I. Purpose of Data Mining Repositories

Data Mining Repositories store data for:

  • Reporting
  • Analysis
  • Deriving insights

II. Data Warehouses

1. Definition

  • A central repository of data integrated from multiple sources
  • Act as a single “source of truth”, store historical and current data which has been cleansed, conformed and categorized.
  • When data gets loaded into data warehouse, it is ready modeled and structured for purposes.
  • Can store:
    • Relational data: CRM, ERP, HR and Finance applications
    • Non-relational data

2. Architecture

Data Warehouse's Architecture

3. Cloud-based data warehouses

Nowadays, data warehouses are moved into clouds. Benefits

  • Lower costs
  • Limitless storage and compute capabilities
  • Pay as you go
  • Faster recovery

4. Usage

=> Use data warehouse when have massive of data and need to be rapidly available for reporting and other purposes.

Popular Providers

  • teradata
  • Oracle Exadata
  • IBM Db2
  • Netezza
  • AWS Redshift
  • Google BigQuery
  • Cloudera
  • Snowflake

III. Data Marts

1. Definition

  • Data Marts are sub-section of Data Warehouses, that are built for specifically for particular business function, purpose, or community of users.

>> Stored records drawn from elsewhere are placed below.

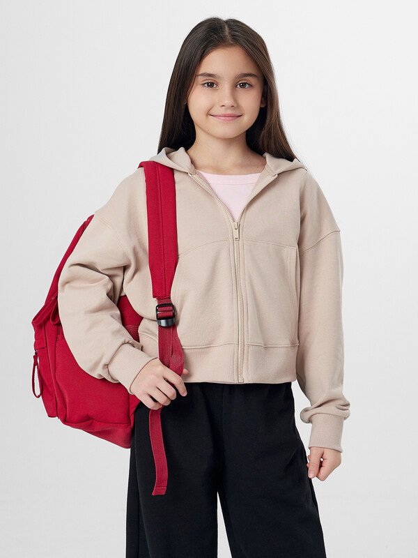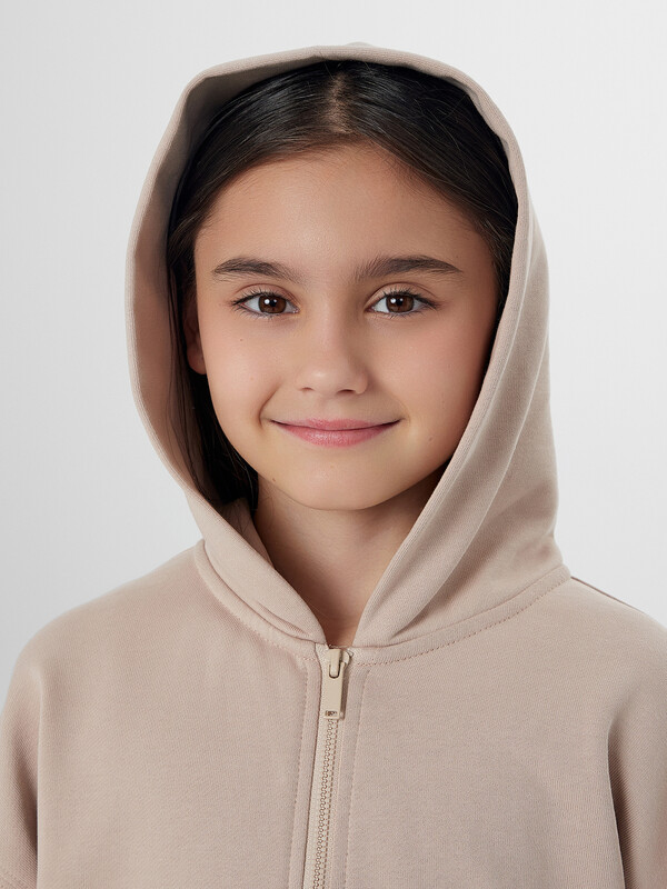 Толстовка для девочек прямого силуэта с капюшоном. Капюшон на подкладке из основного полотна.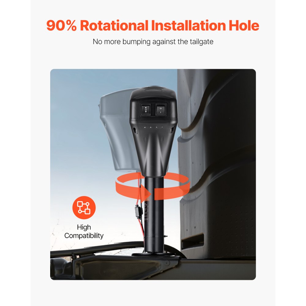 Vysoká nosnosť: Elektrický zdvihák prívesu VEVOR sa môže pochváliť pôsobivou nosnosťou 5000 libier a rozsahom zdvihu 10 až 33,8 palcov.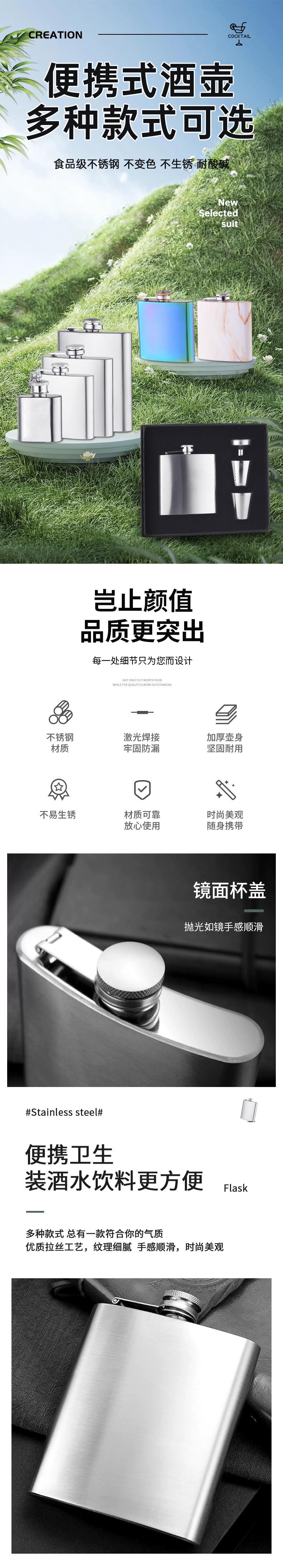 Set de regalo de frasco de acero inoxidable con embudo para copa de vino, cuatro piezas, frasco pequeño, regalo de alta gama, botella de vino de metal personalizada.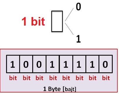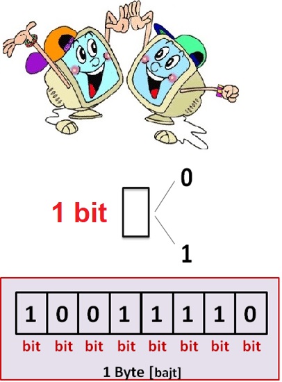 Jeden bit v počítači je (jedno) políčko, ve kterém je buď 0 nebo 1. Všechna data v počítači jsou pouze 0 a 1. Přesněji: počítače používají tzv. dvojkovou (binární) soustavu. Ta používá pro záznam dat dvě číslice, a to 0 a 1.

Examples: - Data Scientists access customers’ session data in a specifically built data mart to build a recommender.

2. Types of Data Marts

There are 3 types of Data Marts:

  • Dependent Data Marts
  • Independent Data Marts
  • Hybrid Data Marts

a) Dependent Data Marts

  • Sub-section of an Enterprise Data Warehouse
  • Data source has been cleansed and transformed
  • Offers analytical capabilities of a restricted area of a data warehouse => provides isolated performance and isolated security.

Dependent Data Marts

b) Independent Data Marts

  • Created from other sources than Enterprise Data Warehouses, such as Internal Operational Systems or External Data.
  • Must clean and transform the data itself, since data is from the source directly.

Independent Data Marts

c) Hybrid Data Marts

  • Combination of Dependent and Independent Data Marts, which means the data sources are from Data Warehouse and others (Internal Operational Systems or External Data)

Hybrid Data Marts

3. Purpose of Data Marts

  • Provide data to users when they need it.
  • Accelerate business processes.
  • Provide cost and time efficient way to make data-driven decision
  • Improve user response time
  • Provide security and control

IV. Data Lakes

1. Definition

  • Is a data repository that store semi-structured and unstructured in their native (raw) formats.
  • While Data Warehouse’s data has been cleansed and transformed, data in data lakes can be loaded without defining the structured and schema of data.
  • Data is appropriately classified, protected and governed.
  • Can be deployed using:
  • Cloud Object Storage, such as Amazon S3.
  • Large-scale distributed systems such as Apache Hadoop
  • RDBMS, NoSQL

    2. Benefits

  • Store all types of data
  • Scale based on storage capacity
  • Saving time in defining structures, schemas, transformations (data is imported in its raw format)
  • Serving in different use cases and ways